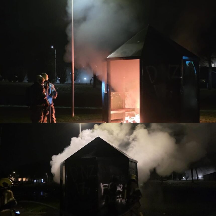 Lang kon de ploeg echter niet blijven zitten. Om 21.42 uur volgde een tweede melding, ditmaal aan de Kleine Loo in Strijen. In een speeltuin was met benzine brand gesticht. Omwonenden wisten het vuur al te doven met emmers water. De brandweer heeft vervolgens een controle uitgevoerd op eventuele hotspots. Nadat bleek dat er geen verdere risico’s waren, kon ook deze inzet worden afgerond en keerde de ploeg terug naar de kazerne.
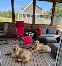 Off the kitchen is a large screened in porch, equipped with a dining table and chairs, as well as a cozy sitting area for socializing, reading or enjoying your morning coffee.
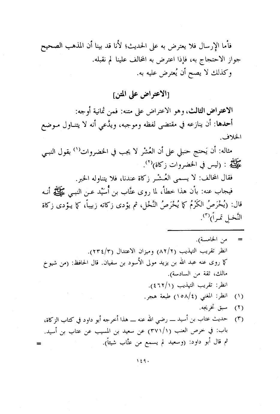 مثاله: أن يَحتج حنبلي على أن العُشْر لا يجب في الخضروات (١) بقول النبي - صلى الله عليه وسلم -: (ليس في الخضروات زكاة) (٢) .
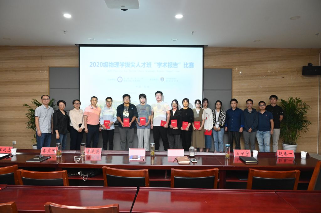 第二届物理拔尖班“学术报告”比赛在物理楼304会议室举行。校科研处副处长许新胜、院教学副院长张爱清以及专业教师黄武英、李宽国、汪延志、汤宁宇,赵春一担任评委。2020和2021级物理拔尖班全体同学观摩了本次比赛。比赛由物理学拔尖班班主任盛晓伟和2020级首届物理学拔尖班同学代佳玉共同主持。
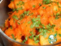 И полить картофель. Добавить сахар, соль и перцы. хорошо перемешать. Тушить постоянно перемешивая 5 минут. |

WHAT THIS TASK INVOLVES: Your output should consist solely of the lines from the line containing "Off the kitchen" through the last line of the entries, verbatim, minus any pictures.

REPLY:
 Off the kitchen is a large screened in porch, equipped with a dining table and chairs, as well as a cozy sitting area for socializing, reading or enjoying your morning coffee.
 مثاله: أن يَحتج حنبلي على أن العُشْر لا يجب في الخضروات (١) بقول النبي - صلى الله عليه وسلم -: (ليس في الخضروات زكاة) (٢) .
 第二届物理拔尖班“学术报告”比赛在物理楼304会议室举行。校科研处副处长许新胜、院教学副院长张爱清以及专业教师黄武英、李宽国、汪延志、汤宁宇,赵春一担任评委。2020和2021级物理拔尖班全体同学观摩了本次比赛。比赛由物理学拔尖班班主任盛晓伟和2020级首届物理学拔尖班同学代佳玉共同主持。
 И полить картофель. Добавить сахар, соль и перцы. хорошо перемешать. Тушить постоянно перемешивая 5 минут. |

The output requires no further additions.